▶ [Available data]:
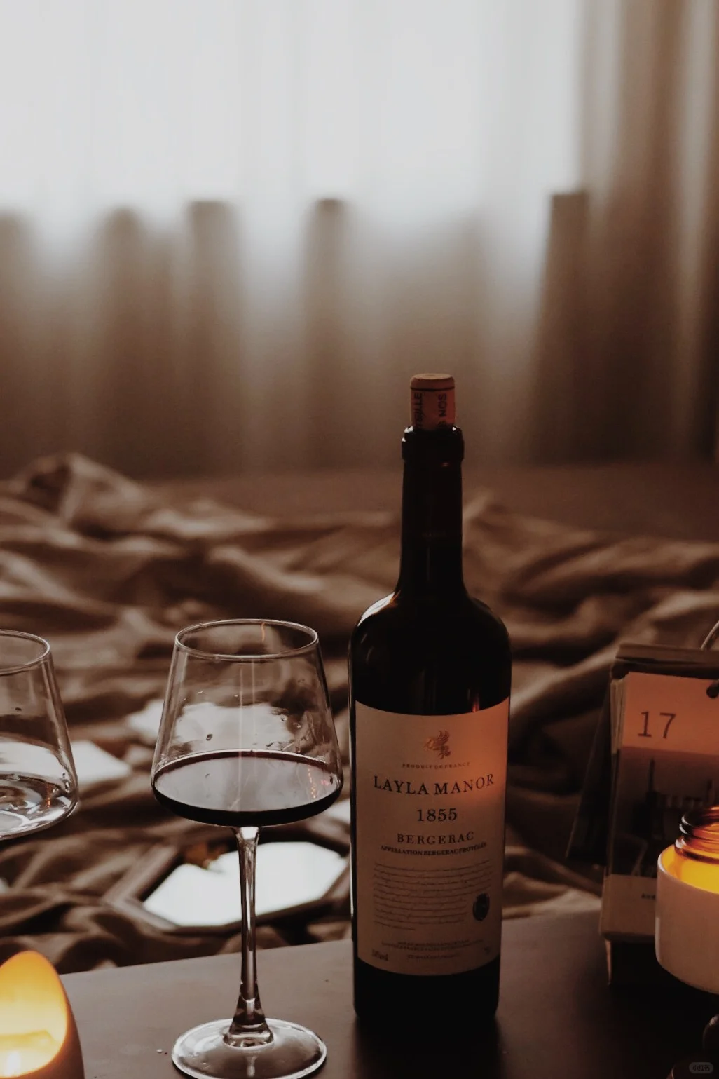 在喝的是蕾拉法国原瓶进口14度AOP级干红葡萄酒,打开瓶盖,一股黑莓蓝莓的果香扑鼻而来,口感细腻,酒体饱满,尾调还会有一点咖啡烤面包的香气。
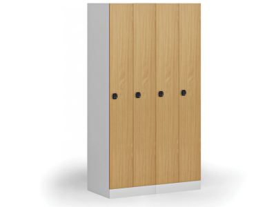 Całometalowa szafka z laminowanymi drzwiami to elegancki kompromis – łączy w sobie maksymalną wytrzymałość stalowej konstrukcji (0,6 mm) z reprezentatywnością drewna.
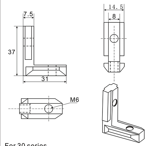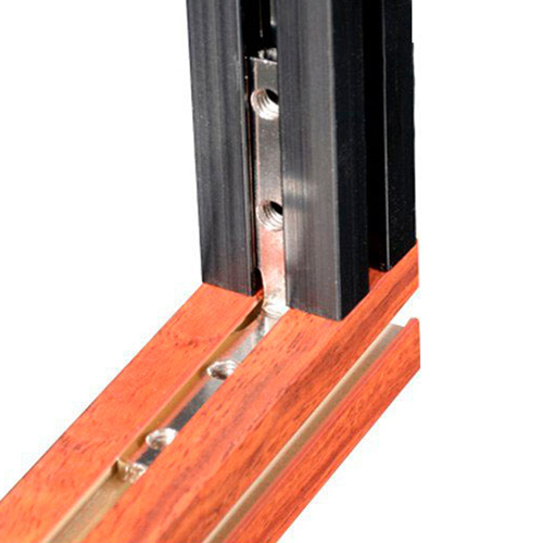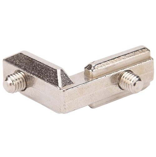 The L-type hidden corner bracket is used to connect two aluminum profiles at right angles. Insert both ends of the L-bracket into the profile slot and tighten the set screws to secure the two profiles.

▶ [What to produce]: Set down, word for word, the full listing above, and carry over no pictures.

▶ [Response area]:
 在喝的是蕾拉法国原瓶进口14度AOP级干红葡萄酒,打开瓶盖,一股黑莓蓝莓的果香扑鼻而来,口感细腻,酒体饱满,尾调还会有一点咖啡烤面包的香气。
 Całometalowa szafka z laminowanymi drzwiami to elegancki kompromis – łączy w sobie maksymalną wytrzymałość stalowej konstrukcji (0,6 mm) z reprezentatywnością drewna.
 The L-type hidden corner bracket is used to connect two aluminum profiles at right angles. Insert both ends of the L-bracket into the profile slot and tighten the set screws to secure the two profiles.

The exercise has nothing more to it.